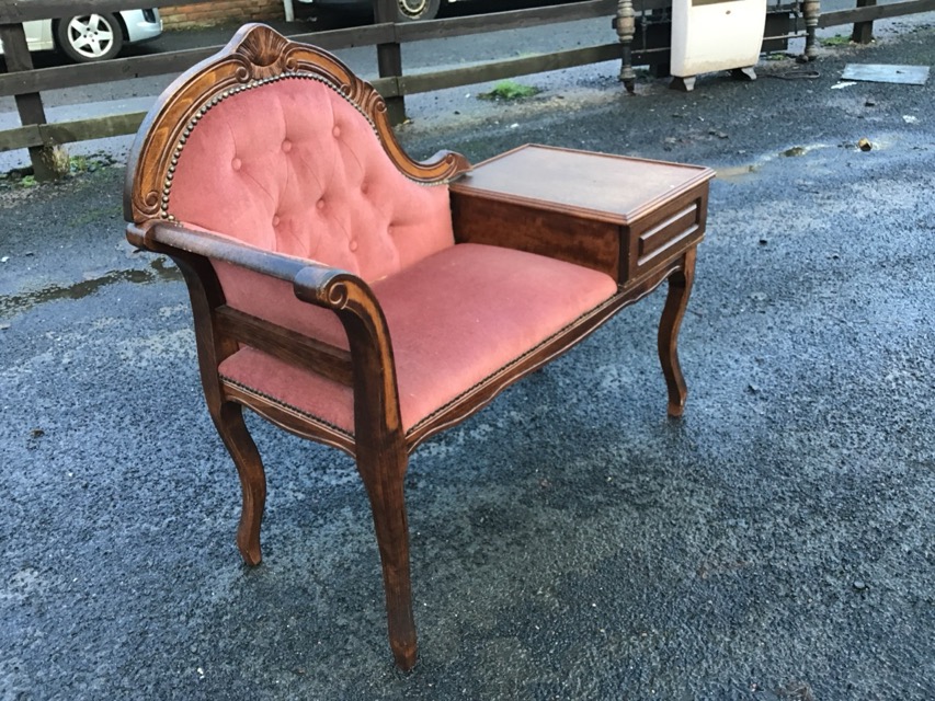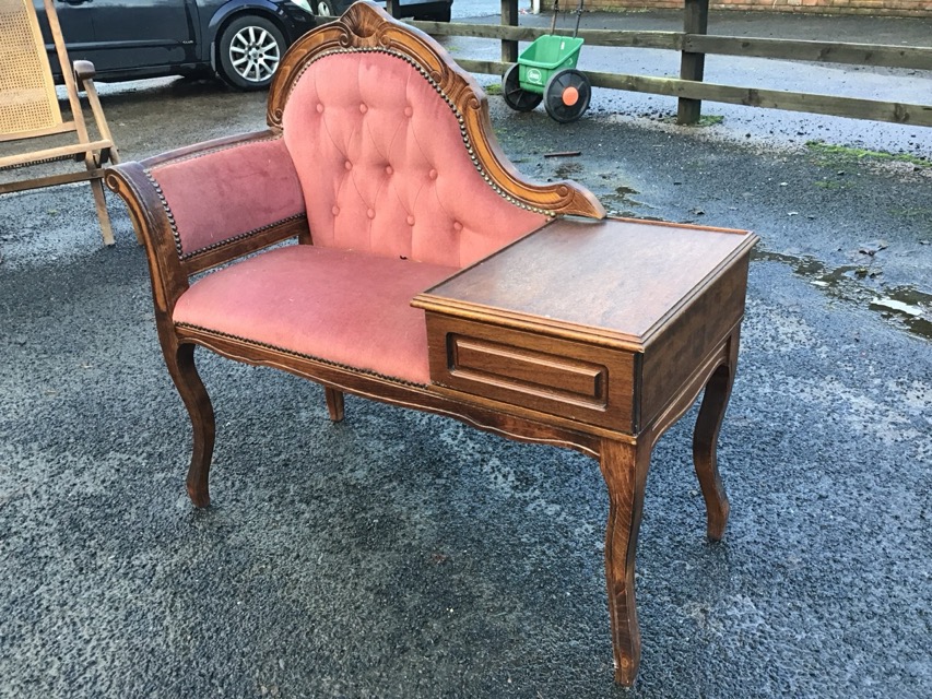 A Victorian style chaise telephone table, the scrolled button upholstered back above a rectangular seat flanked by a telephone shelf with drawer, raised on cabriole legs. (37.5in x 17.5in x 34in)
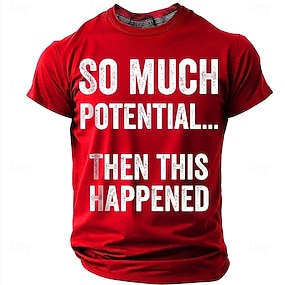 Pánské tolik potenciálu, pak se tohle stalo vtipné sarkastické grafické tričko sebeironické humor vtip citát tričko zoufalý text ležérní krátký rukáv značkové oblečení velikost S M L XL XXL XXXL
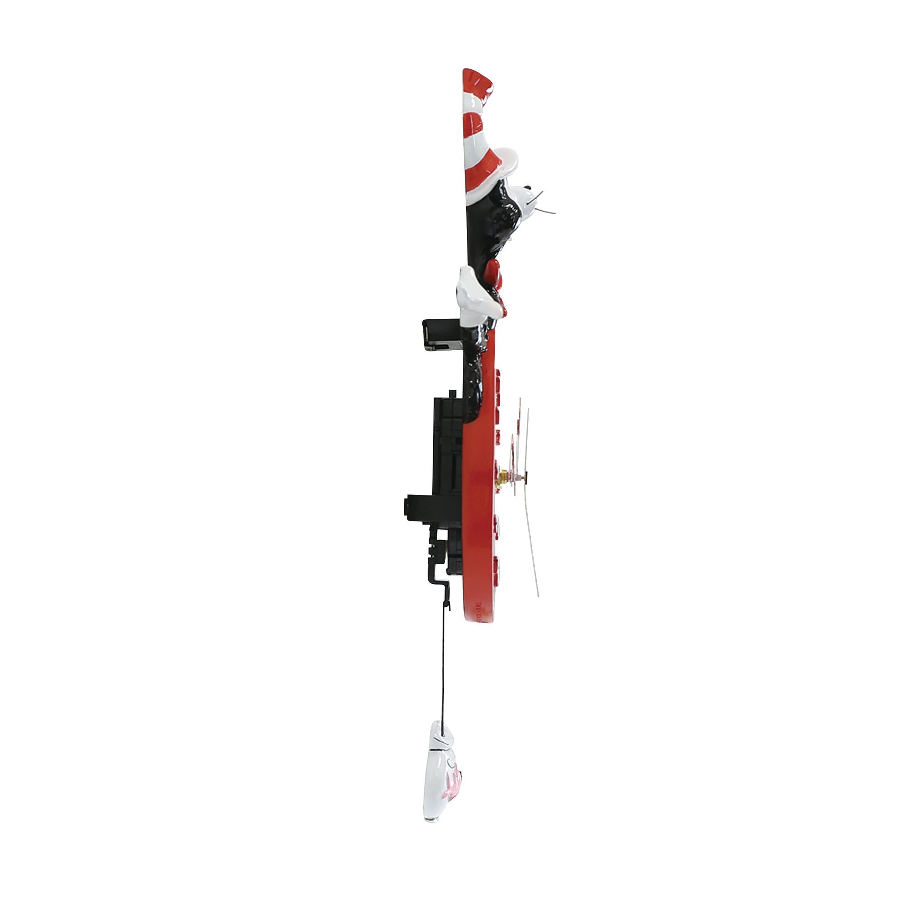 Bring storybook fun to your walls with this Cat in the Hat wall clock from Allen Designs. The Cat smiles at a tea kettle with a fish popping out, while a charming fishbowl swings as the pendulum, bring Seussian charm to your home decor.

# Aim of the exercise
Word for word, quote the full listing, omitting every picture.

# Problem solution
 A Victorian style chaise telephone table, the scrolled button upholstered back above a rectangular seat flanked by a telephone shelf with drawer, raised on cabriole legs. (37.5in x 17.5in x 34in)
 Pánské tolik potenciálu, pak se tohle stalo vtipné sarkastické grafické tričko sebeironické humor vtip citát tričko zoufalý text ležérní krátký rukáv značkové oblečení velikost S M L XL XXL XXXL
 Bring storybook fun to your walls with this Cat in the Hat wall clock from Allen Designs. The Cat smiles at a tea kettle with a fish popping out, while a charming fishbowl swings as the pendulum, bring Seussian charm to your home decor.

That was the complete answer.